Abstract

Abstract In study of intra-individual variation of serum constituents, we used analysis of variance to separate biological from analytical variation, the latter being estimated from results for duplicate specimens. However, the replication error term in such a model may grossly overestimate instrumental variability, especially when a significant pre-instrumental error component is present. To separate pre-instrumental and instrumental error, we used the following experimental design: Duplicate serum specimens were obtained from 88 healthy men, the blood being collected at one venipuncture and immediately divided into two portions. The duplicates were randomized and analyzed on one occasion with the "AutoChemist Multi-Channel Analyzer," and pre-instrumental variation was estimated from the results.
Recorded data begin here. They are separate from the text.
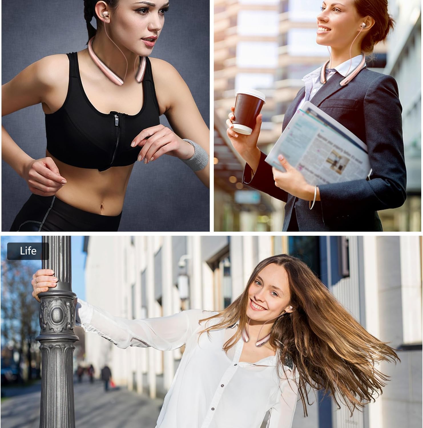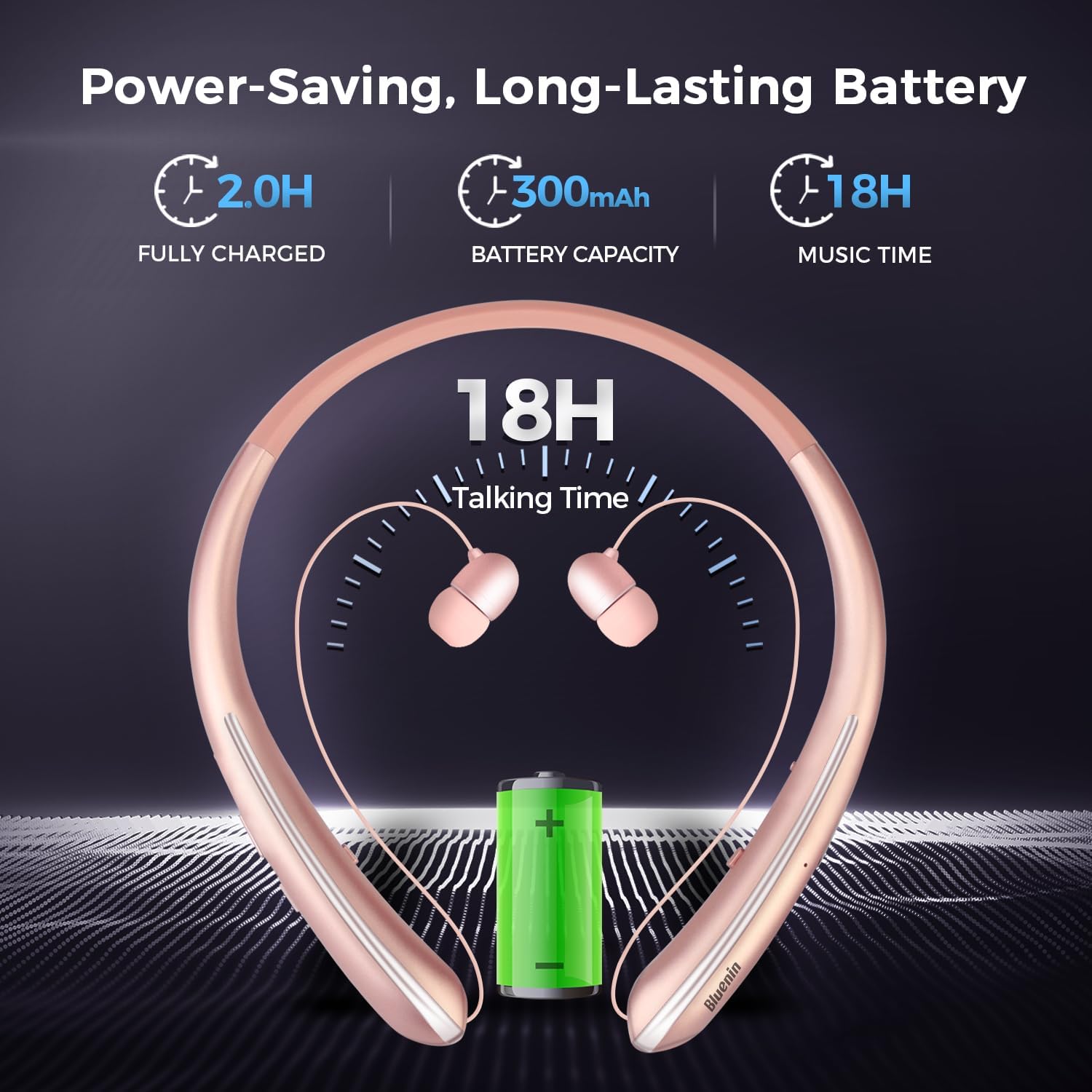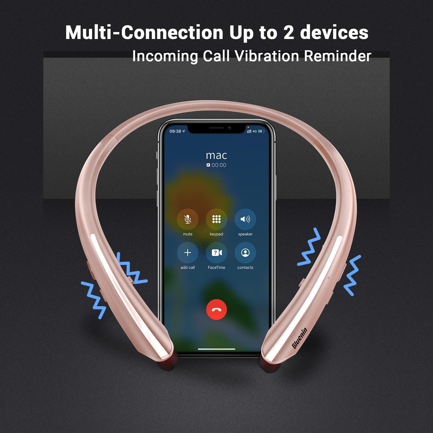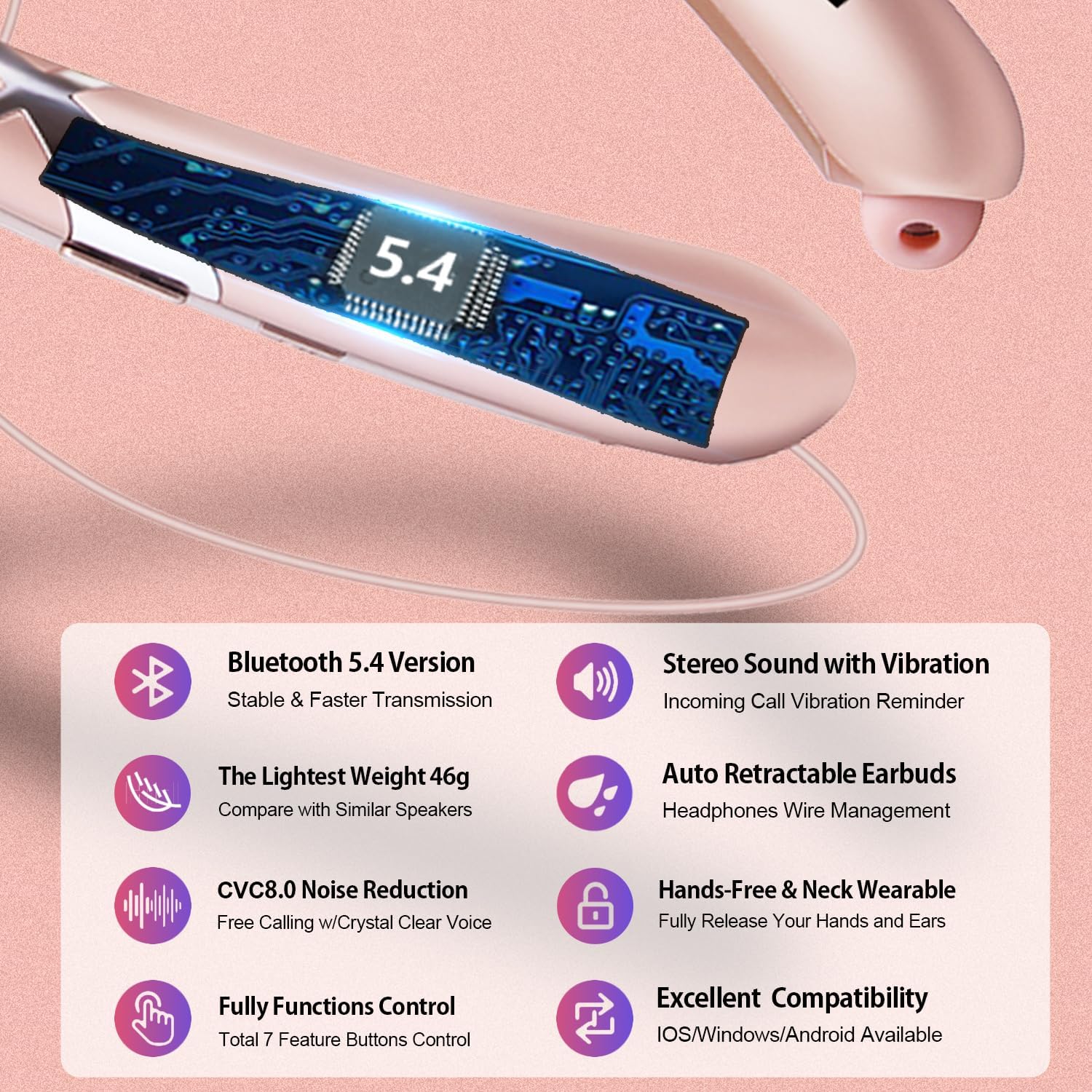 Bluetooth 5.4 technology with advanced CSR8645 chips & CVC8.0 noise cancelling technology can filter out background noise.Auto retractable earbuds allows you to pull the retractable wire to the length you want.Ergonomic Neck-Behind provides a comfortable, curved fit through all-day wear and use.Premium silicone gel surface is sweat-proof for stable wearing. Ideal for Gym, running, hiking and other outdoor activities.Bluetooth Headphones with Hi-Fi Stereo Sound & Voice Prompt and Vibration & Long battery life
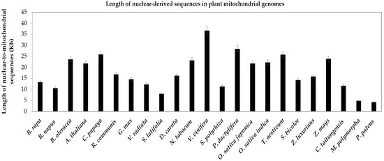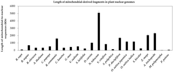 Length of mitochondrial-derived fragments in plant nuclear genomes. The plant species are arrayed on the horizontal axis. The total lengths of mitochondrial-to-nuclear sequences are along the vertical axis. The bars represent the lengths of sequences transferring from the mitochondrion to the nucleus in plant species. The error bars stand for the positive and negative deviations of 5.0%.
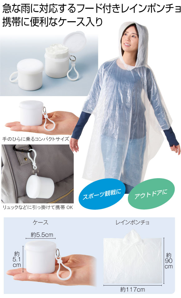 - 本体サイズ:ケース/約5.5×5.9×5.1cm、レインポンチョ/約117×90cm
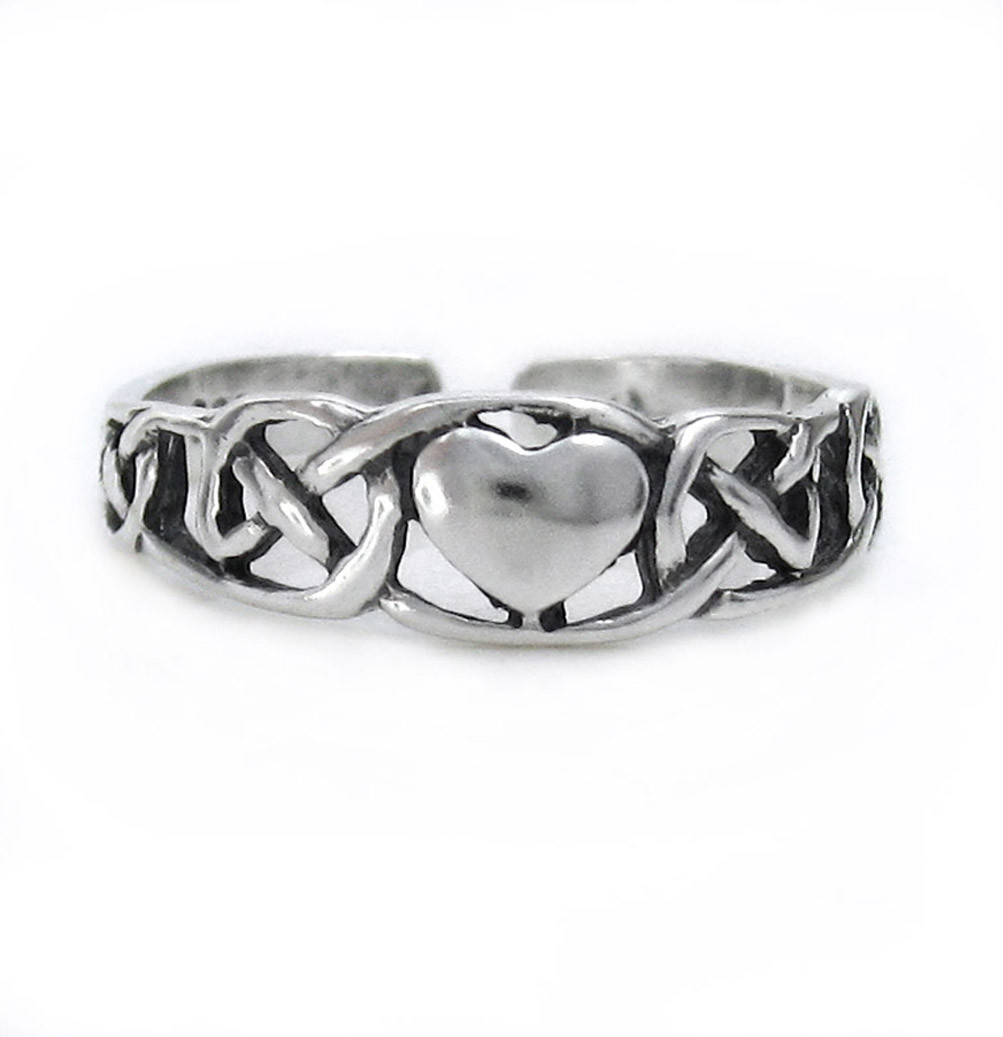 Heart at the center and open elegant interwoven Celtic knot design to the sides. Toe ring is a great accent on your foot. Toe ring is perfect summer accessorizing. Antique finish on polished silver. Slide on toe ring from the top of the toe, do not bend the band open. Adjustable toe ring accommodates many sizes. Photo enlarged to show details.
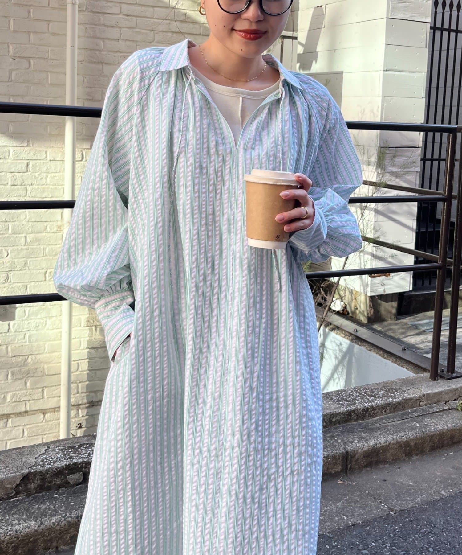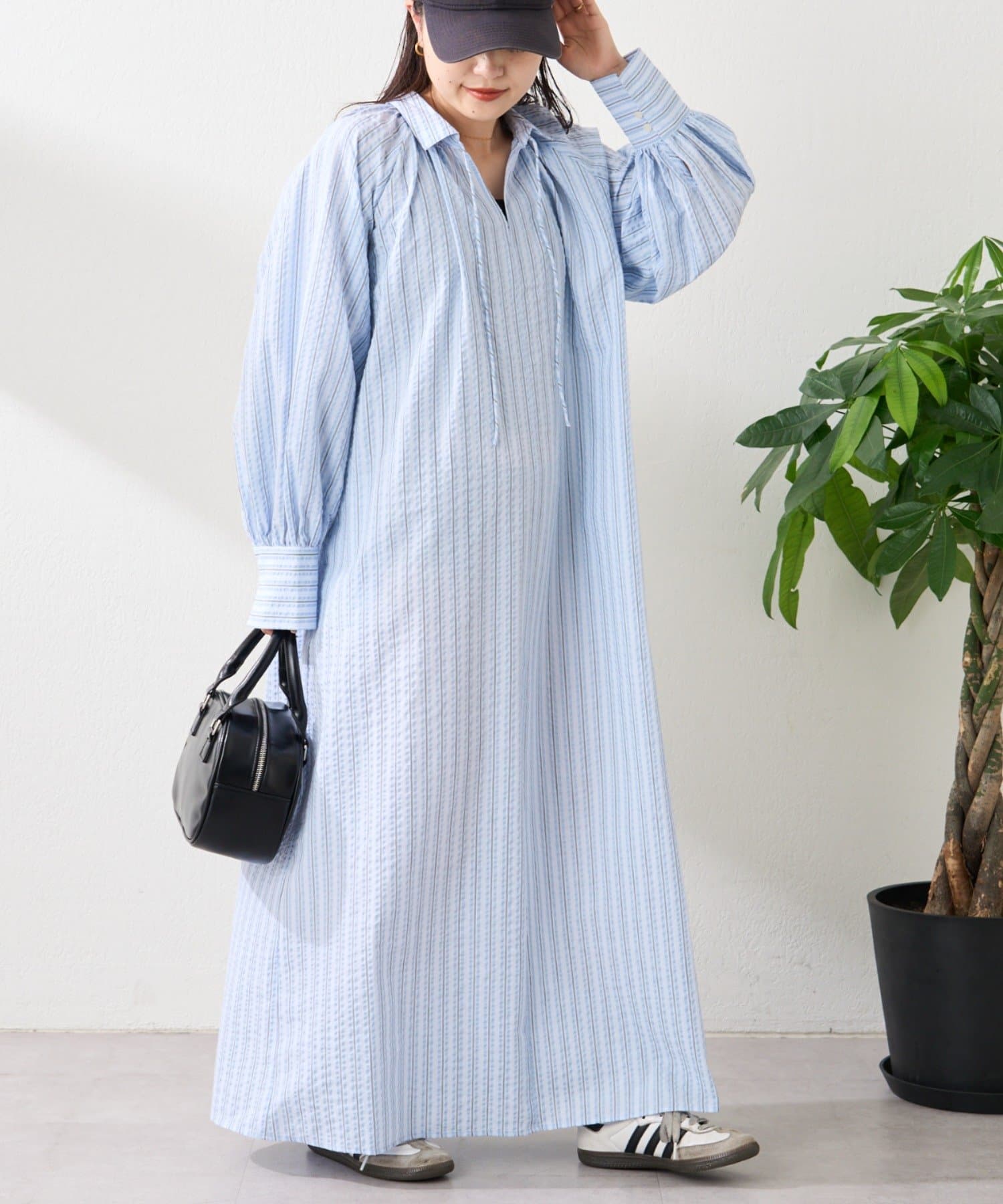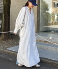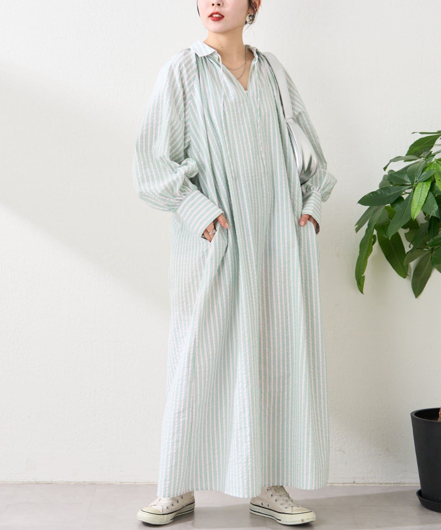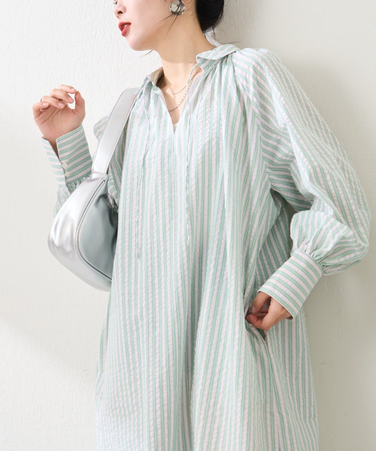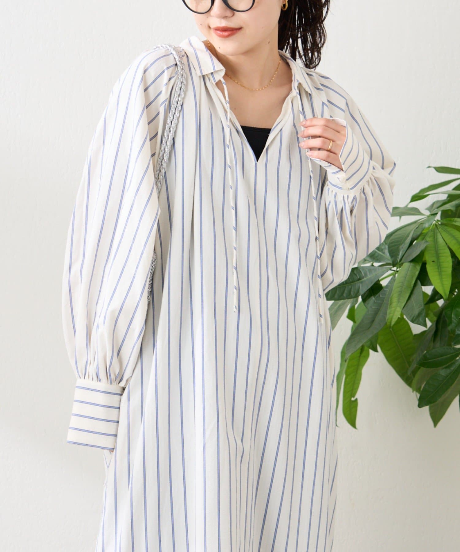 春らしいストライプが爽やかな、ゆったり大きめサイズのシャツワンピース。

Instrumental variation was estimated from results for three independent populations with widely different mean analyte concentrations; these samples were analyzed at the same time as the samples just mentioned. Of the 20 serum constituents assayed, sodium, potassium, iron, total lipids, aspartate aminotransferase, alanine aminotransferase, lactate dehydrogenase, and total bilirubin showed significant pre-instrumental error components, as evidenced from significant χ2-tests comparing analytical and "duplicate sample" variation. For total serum protein, albumin, total lipids, cholesterol, and alkaline phosphatase, we found a significant difference (by paired t-test) between values for the first and second specimen.